WORK TO BE COMPLETED: Please copy, exactly as written, the span from the first line below to the line that contains "すると、隣で2人のやり取りを", including both, and skip the pictures.
[[ GIVEN RECORDS open ]]
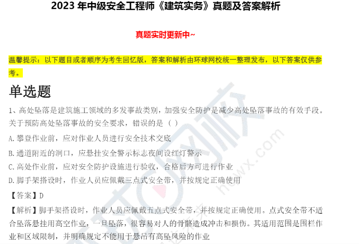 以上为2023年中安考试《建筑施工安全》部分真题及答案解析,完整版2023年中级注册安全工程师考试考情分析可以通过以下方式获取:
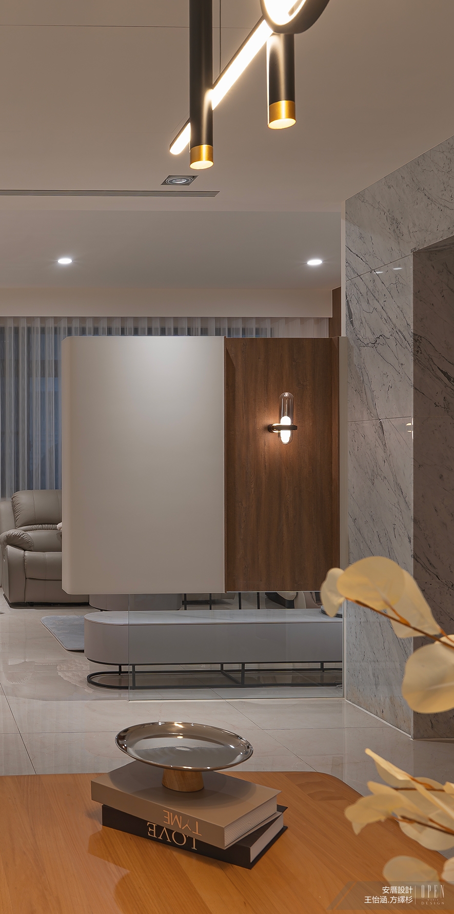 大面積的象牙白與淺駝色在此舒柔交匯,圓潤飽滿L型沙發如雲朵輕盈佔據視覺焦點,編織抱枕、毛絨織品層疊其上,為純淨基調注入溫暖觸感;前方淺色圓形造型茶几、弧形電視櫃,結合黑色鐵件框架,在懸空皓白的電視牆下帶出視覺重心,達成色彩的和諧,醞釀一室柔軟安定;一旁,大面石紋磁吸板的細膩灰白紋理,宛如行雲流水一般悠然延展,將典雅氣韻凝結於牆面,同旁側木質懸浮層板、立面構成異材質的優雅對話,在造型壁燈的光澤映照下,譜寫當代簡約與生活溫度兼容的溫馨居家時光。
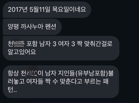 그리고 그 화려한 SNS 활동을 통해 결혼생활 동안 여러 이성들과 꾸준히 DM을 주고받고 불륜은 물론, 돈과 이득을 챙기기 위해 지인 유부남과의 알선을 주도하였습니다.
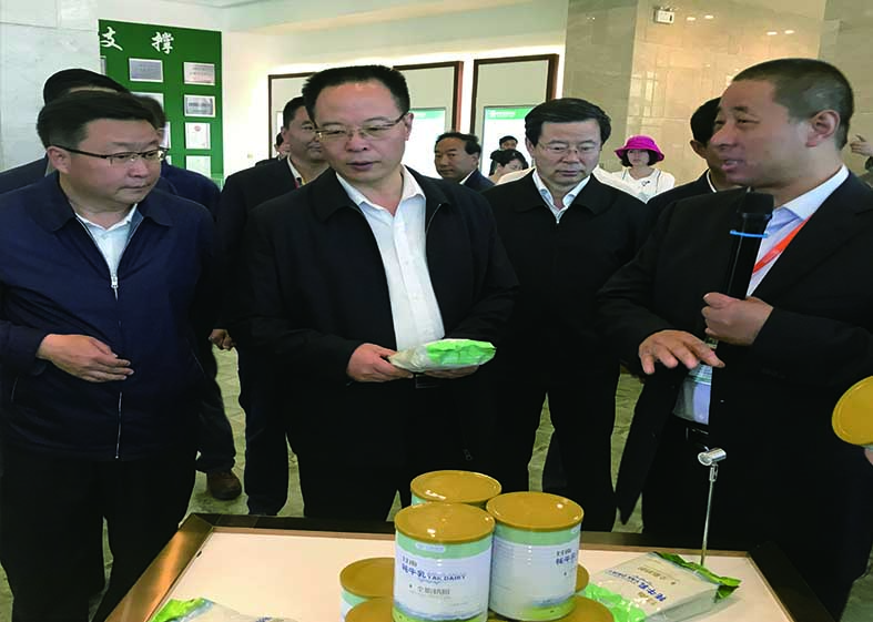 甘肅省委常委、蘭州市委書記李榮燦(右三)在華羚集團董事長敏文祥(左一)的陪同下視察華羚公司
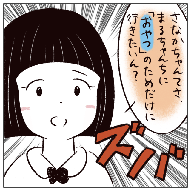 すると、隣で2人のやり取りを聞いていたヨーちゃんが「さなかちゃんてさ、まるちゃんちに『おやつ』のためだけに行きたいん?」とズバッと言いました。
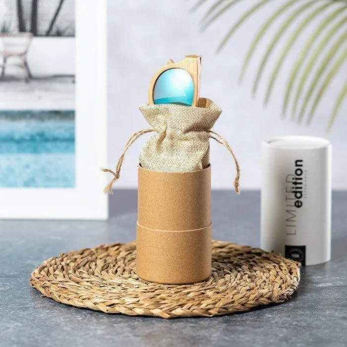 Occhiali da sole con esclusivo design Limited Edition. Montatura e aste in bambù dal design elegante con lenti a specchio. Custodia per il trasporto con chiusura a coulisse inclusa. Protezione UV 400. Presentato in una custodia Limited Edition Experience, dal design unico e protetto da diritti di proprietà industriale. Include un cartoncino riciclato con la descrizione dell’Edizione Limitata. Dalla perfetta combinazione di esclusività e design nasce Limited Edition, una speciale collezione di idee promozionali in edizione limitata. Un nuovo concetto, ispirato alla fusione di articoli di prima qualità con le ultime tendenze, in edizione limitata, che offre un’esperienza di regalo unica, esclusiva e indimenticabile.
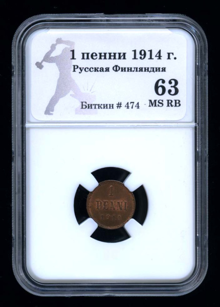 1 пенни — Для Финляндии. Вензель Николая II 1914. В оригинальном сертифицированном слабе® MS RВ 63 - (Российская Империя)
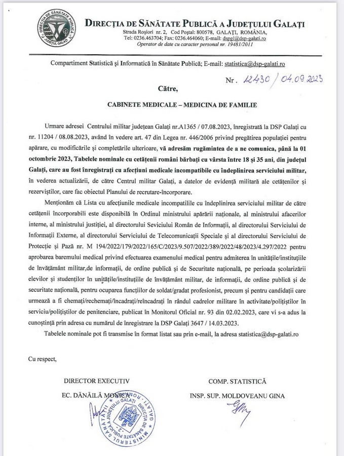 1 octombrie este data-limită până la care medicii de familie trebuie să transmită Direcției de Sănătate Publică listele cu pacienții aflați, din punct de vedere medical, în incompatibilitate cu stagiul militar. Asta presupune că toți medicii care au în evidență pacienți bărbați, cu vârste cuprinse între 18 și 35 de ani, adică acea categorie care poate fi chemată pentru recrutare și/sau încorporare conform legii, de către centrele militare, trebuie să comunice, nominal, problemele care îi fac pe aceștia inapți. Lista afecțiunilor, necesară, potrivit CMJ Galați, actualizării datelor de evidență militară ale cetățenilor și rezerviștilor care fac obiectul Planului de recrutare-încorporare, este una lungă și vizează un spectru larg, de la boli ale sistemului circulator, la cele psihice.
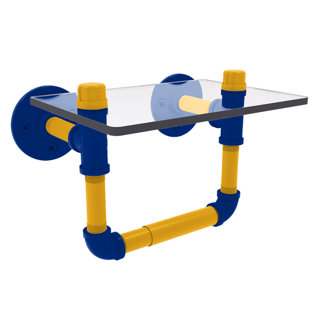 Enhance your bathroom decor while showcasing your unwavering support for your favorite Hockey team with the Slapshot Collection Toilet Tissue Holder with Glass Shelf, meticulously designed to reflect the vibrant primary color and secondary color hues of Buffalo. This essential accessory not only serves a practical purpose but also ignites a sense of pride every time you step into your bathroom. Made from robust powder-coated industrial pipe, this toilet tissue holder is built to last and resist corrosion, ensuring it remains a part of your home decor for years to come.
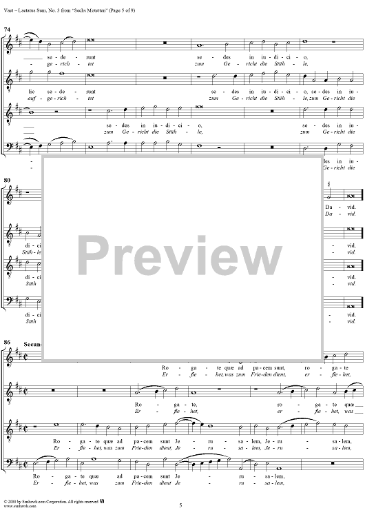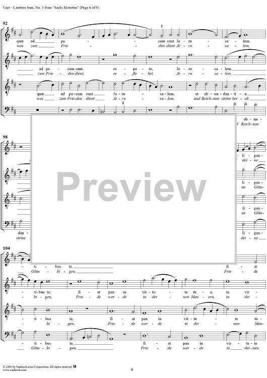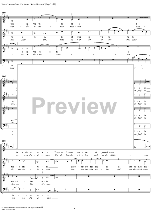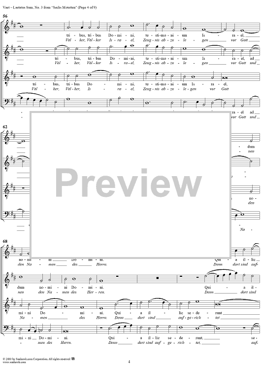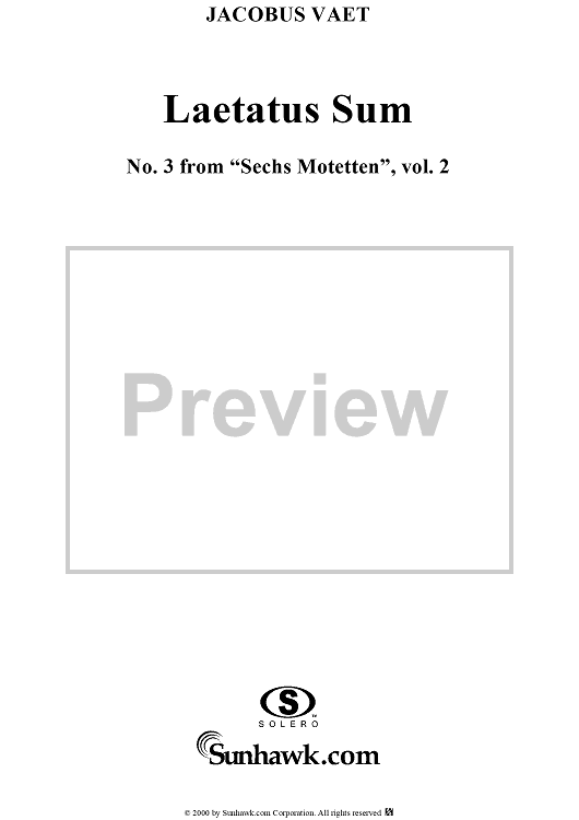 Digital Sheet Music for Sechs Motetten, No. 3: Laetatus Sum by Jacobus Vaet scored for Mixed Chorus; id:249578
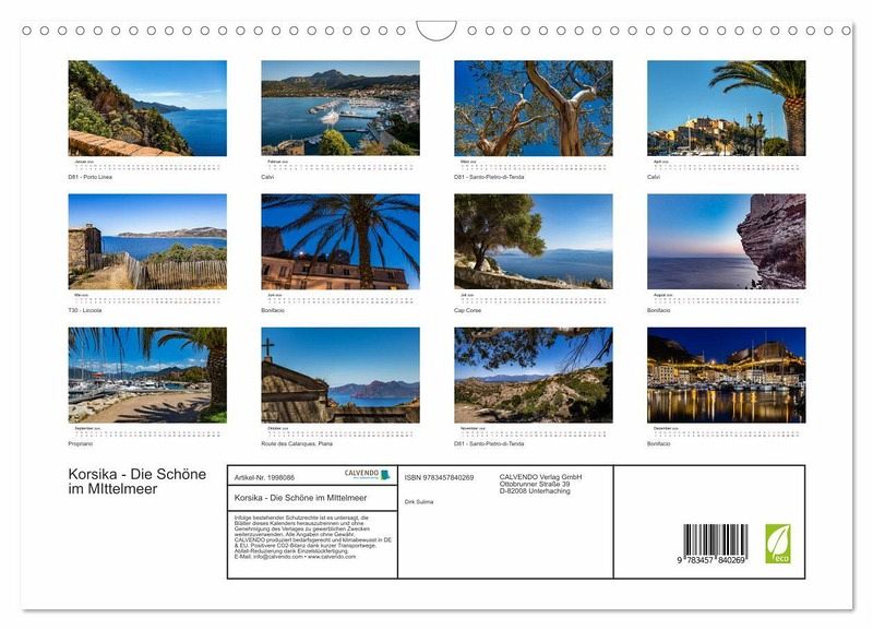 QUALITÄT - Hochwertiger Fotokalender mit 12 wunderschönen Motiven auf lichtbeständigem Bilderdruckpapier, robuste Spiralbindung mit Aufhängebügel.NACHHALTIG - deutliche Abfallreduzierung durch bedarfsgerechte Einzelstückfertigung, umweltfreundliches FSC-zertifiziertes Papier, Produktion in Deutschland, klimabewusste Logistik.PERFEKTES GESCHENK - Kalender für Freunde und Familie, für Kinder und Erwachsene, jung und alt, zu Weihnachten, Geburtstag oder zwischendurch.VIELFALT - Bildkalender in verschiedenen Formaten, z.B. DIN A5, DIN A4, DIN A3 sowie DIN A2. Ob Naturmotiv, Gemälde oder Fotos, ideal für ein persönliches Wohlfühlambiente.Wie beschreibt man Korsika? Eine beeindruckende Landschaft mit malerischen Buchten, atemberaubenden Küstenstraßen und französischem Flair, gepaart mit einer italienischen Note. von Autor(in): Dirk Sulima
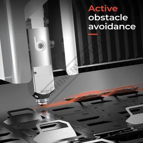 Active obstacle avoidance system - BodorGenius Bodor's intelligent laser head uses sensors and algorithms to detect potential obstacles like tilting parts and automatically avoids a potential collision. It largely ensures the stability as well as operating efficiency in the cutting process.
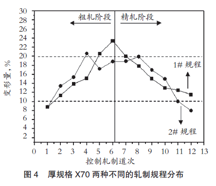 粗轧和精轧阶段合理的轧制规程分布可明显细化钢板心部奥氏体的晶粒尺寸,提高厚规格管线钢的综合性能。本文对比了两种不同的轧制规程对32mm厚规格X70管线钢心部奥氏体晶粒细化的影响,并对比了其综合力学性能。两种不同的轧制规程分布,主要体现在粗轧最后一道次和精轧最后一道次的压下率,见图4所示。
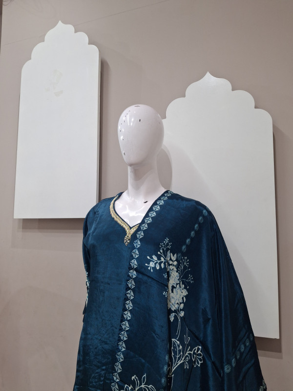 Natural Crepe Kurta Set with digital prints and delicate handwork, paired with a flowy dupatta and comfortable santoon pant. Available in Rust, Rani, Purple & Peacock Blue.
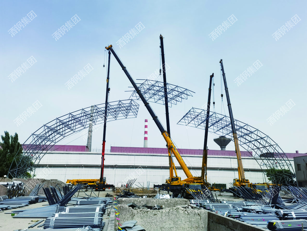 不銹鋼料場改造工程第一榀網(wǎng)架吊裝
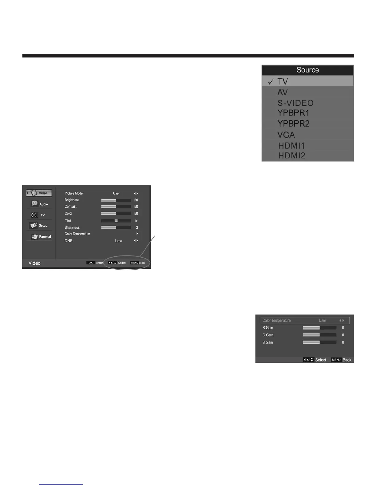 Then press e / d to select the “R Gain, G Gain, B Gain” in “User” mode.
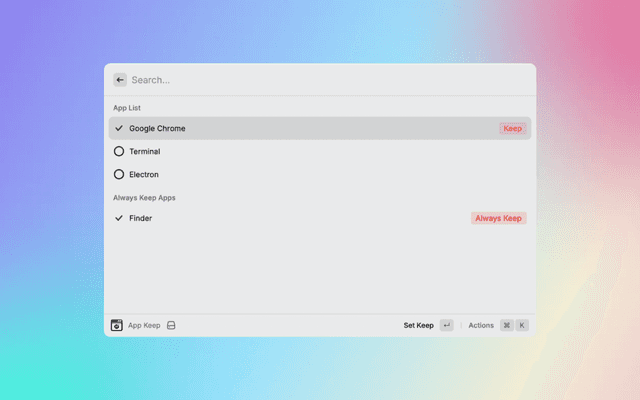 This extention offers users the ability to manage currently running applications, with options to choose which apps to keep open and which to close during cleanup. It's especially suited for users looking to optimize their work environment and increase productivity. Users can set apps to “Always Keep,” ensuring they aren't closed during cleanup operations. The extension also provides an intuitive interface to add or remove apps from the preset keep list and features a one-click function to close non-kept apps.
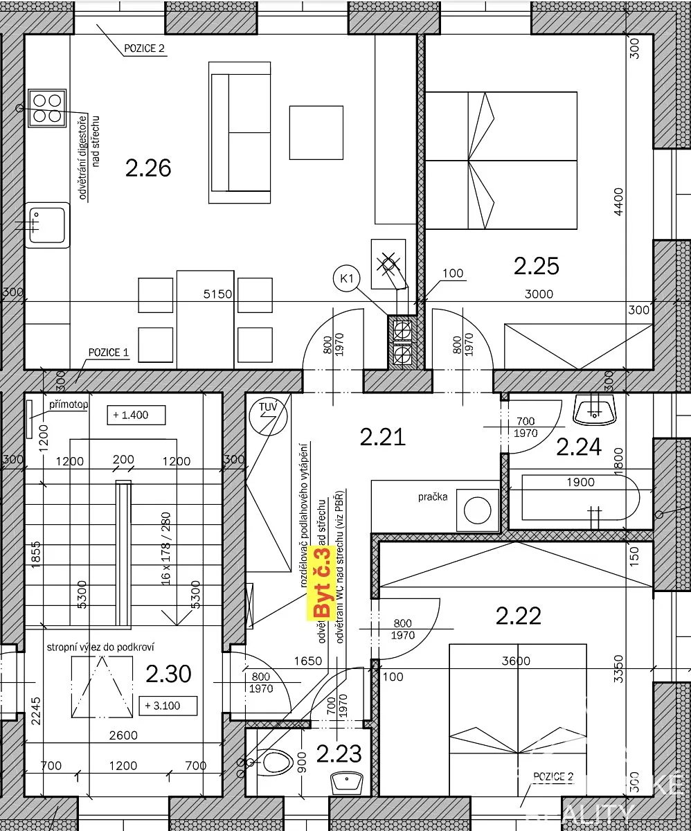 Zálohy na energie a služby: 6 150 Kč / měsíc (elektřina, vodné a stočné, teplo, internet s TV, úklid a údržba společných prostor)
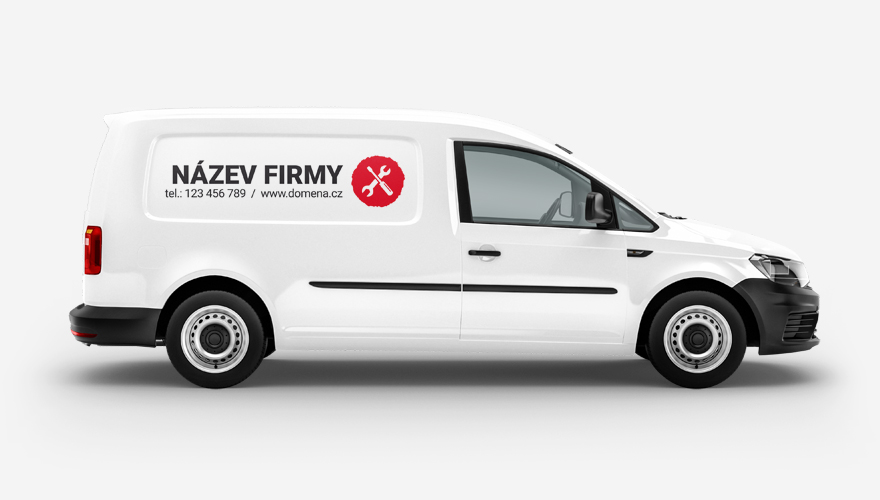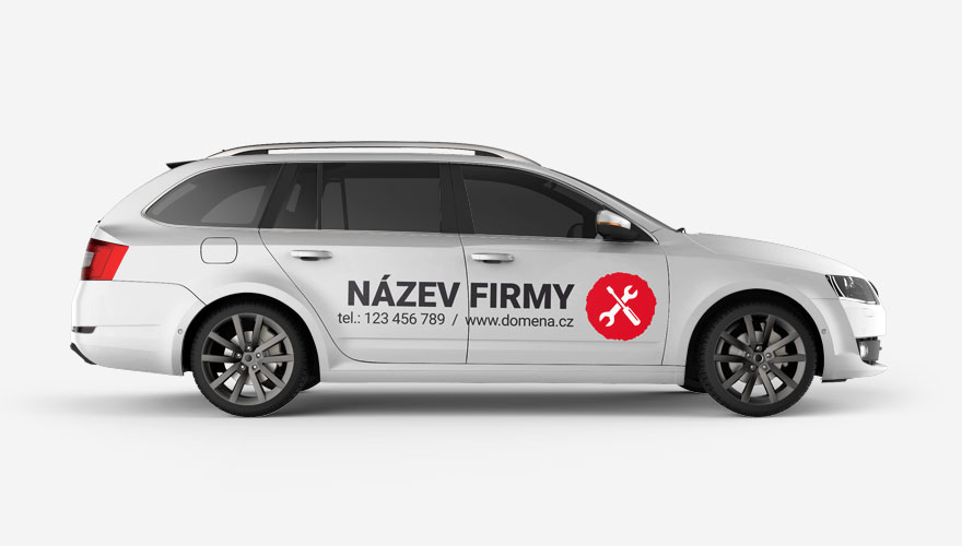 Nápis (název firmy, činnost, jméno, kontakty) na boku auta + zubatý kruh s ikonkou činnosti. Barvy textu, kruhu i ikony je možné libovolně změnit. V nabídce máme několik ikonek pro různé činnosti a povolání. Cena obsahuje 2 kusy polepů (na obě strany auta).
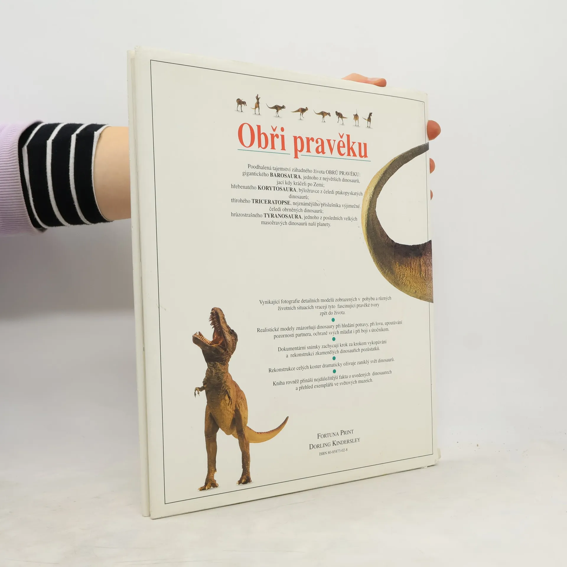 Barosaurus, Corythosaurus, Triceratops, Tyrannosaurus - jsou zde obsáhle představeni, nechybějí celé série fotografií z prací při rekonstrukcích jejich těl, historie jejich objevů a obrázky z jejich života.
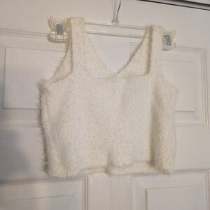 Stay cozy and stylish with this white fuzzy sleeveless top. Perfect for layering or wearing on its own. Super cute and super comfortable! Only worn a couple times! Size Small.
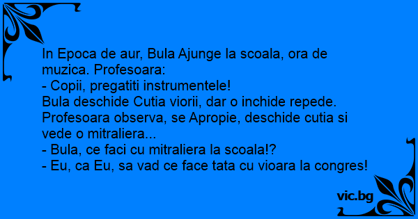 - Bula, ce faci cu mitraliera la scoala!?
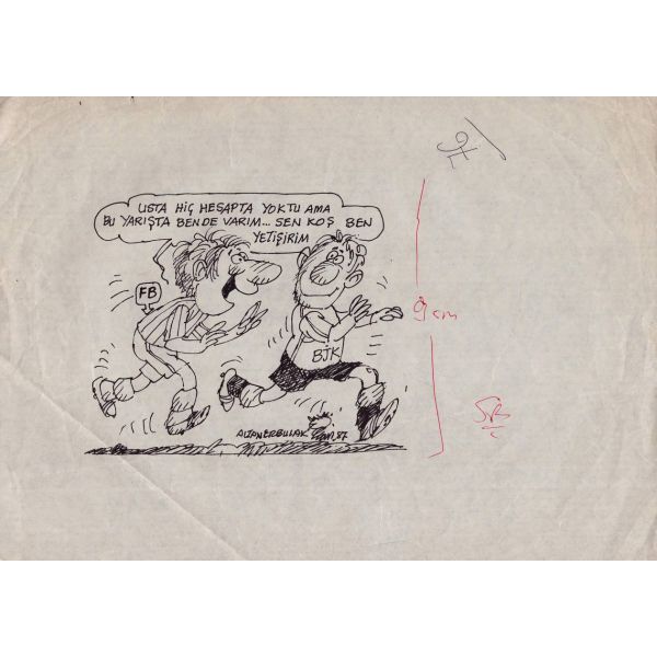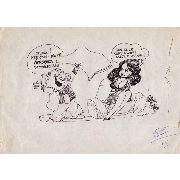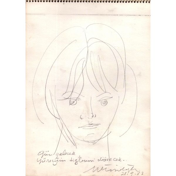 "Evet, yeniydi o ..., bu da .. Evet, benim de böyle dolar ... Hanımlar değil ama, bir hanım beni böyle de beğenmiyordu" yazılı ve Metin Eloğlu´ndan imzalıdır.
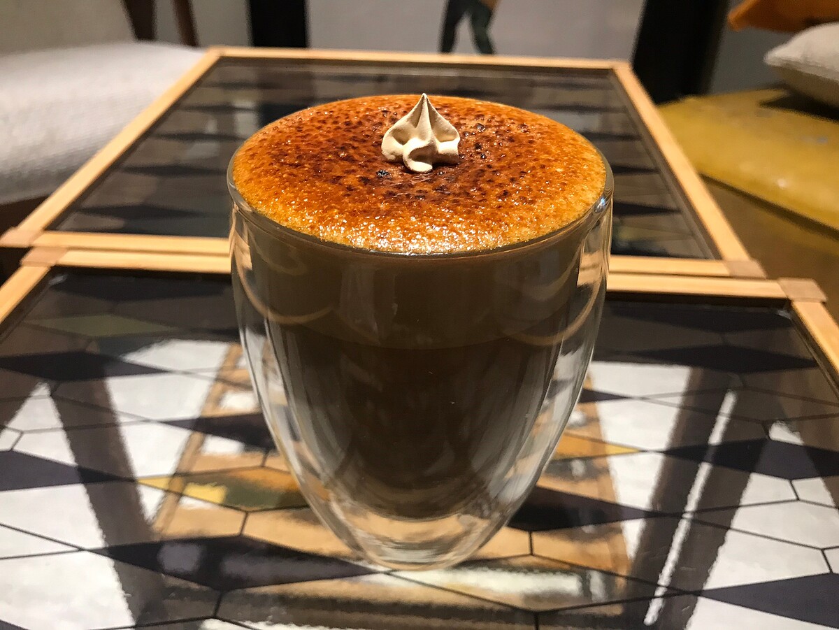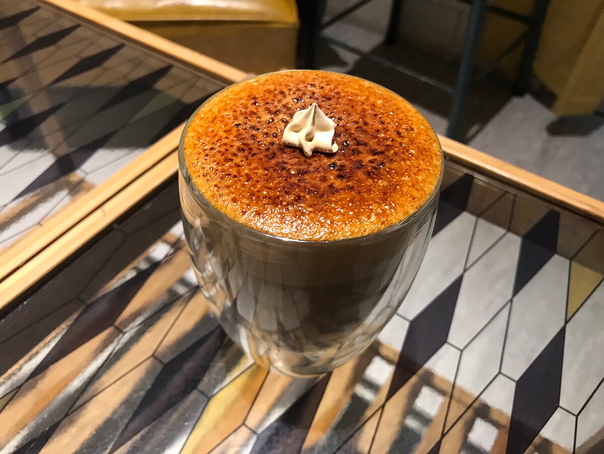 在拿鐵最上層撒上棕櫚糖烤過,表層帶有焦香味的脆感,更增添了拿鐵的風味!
[[ GIVEN RECORDS closed ]]
RESULT BELOW:
 以上为2023年中安考试《建筑施工安全》部分真题及答案解析,完整版2023年中级注册安全工程师考试考情分析可以通过以下方式获取:
 大面積的象牙白與淺駝色在此舒柔交匯,圓潤飽滿L型沙發如雲朵輕盈佔據視覺焦點,編織抱枕、毛絨織品層疊其上,為純淨基調注入溫暖觸感;前方淺色圓形造型茶几、弧形電視櫃,結合黑色鐵件框架,在懸空皓白的電視牆下帶出視覺重心,達成色彩的和諧,醞釀一室柔軟安定;一旁,大面石紋磁吸板的細膩灰白紋理,宛如行雲流水一般悠然延展,將典雅氣韻凝結於牆面,同旁側木質懸浮層板、立面構成異材質的優雅對話,在造型壁燈的光澤映照下,譜寫當代簡約與生活溫度兼容的溫馨居家時光。
 그리고 그 화려한 SNS 활동을 통해 결혼생활 동안 여러 이성들과 꾸준히 DM을 주고받고 불륜은 물론, 돈과 이득을 챙기기 위해 지인 유부남과의 알선을 주도하였습니다.
 甘肅省委常委、蘭州市委書記李榮燦(右三)在華羚集團董事長敏文祥(左一)的陪同下視察華羚公司
 すると、隣で2人のやり取りを聞いていたヨーちゃんが「さなかちゃんてさ、まるちゃんちに『おやつ』のためだけに行きたいん?」とズバッと言いました。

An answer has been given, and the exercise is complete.